Further Outpatient Care:

• Patients should consult a neurologist to observe the progression of neurological signs and symptoms and to manage steroid and anticonvulsant regimens.

• Outpatient neurosurgery observation is necessary for tumor monitoring and management of hydrocephalus if a shunt has been placed.

• Postoperative and postirradiation chemotherapy trials using nitrosourea and other agents are likely to benefit patients with malignant astrocytomas, but the benefit for patients with well-differentiated astrocytomas is questionable.

• Frequency of postoperative MRI is determined by both the neurosurgeon and other physicians involved in the ongoing care of the patient, including the neurooncologist and radiation oncologist.

In/Out Patient Meds:

• Corticosteroids, antiepileptic agents, and GI prophylaxis should be employed.

Transfer:

• If surgery is anticipated, patients should be transferred to institutions with an appropriately equipped and adequately staffed neurosurgical intensive care unit for postoperative monitoring.

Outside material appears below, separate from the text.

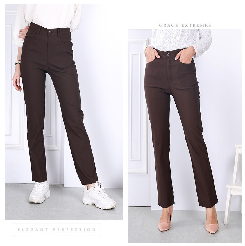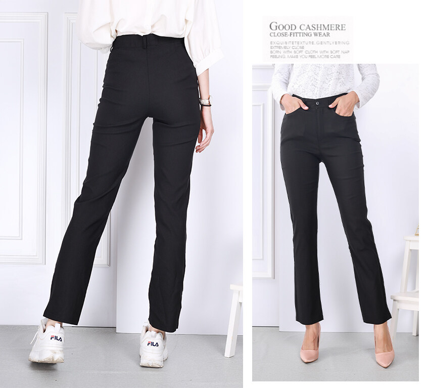 Size 26-34 Women Straight Cut High Rise Side Pocket Trouser Work Pants Non Elastic Office And Casual Wear [P21127]

• Patients may require extensive or focused postoperative rehabilitation that may necessitate transfer to specialized institutions dedicated to physical and occupational therapy.

Complications:

• Although neurological injury (potentially devastating) and death must be mentioned, neurosurgery for astrocytomas is generally intended to decrease tumor bulk while avoiding permanent neurological injury. Transient deficits due to local swelling or injury may occur, but they often improve after a course of physical therapy and rehabilitation.

Prognosis:

• Prognosis for survival after operative intervention and radiation therapy can be favorable for low-grade astrocytomas.

• For those patients who undergo surgical resection, the prognosis depends on whether the neoplasm progresses to a higher-grade lesion.

• For low-grade lesions, the mean survival time after surgical intervention has been reported as 6-8 years.

• In the case of anaplastic astrocytoma, symptomatic improvement or stabilization is the rule after surgical resection and irradiation. High-quality survival is observed in 60-80% of these patients. Factors such as youth, functional status, extent of resection, and adequate irradiation affect the duration of postoperative survival.

• Recent reports indicated that irradiation of incompletely resected tumors increased 5-year postoperative survival rates from 0-25% for low-grade astrocytomas and from 2-16% for anaplastic astrocytomas. Furthermore, the median survival rate of patients with anaplastic astrocytoma who undergo both resection and irradiation has been reported to be twice that of patients receiving only operative therapy (5 y vs 2.2 y).

MISCELLANEOUS

Medical/Legal Pitfalls:

• Failure to make an appropriate diagnosis of astrocytoma is a pitfall that should be avoided by adhering to a systematic diagnostic approach, including imaging studies and obtaining adequate tissue for analysis.

• Timing of diagnosis is particularly important when lesions abut crucial brain nuclei or eloquent cortex. The extent of lesion resectability may be affected by delay.

• Clear explanation of all therapeutic options and prognosis once a diagnosis is established is essential.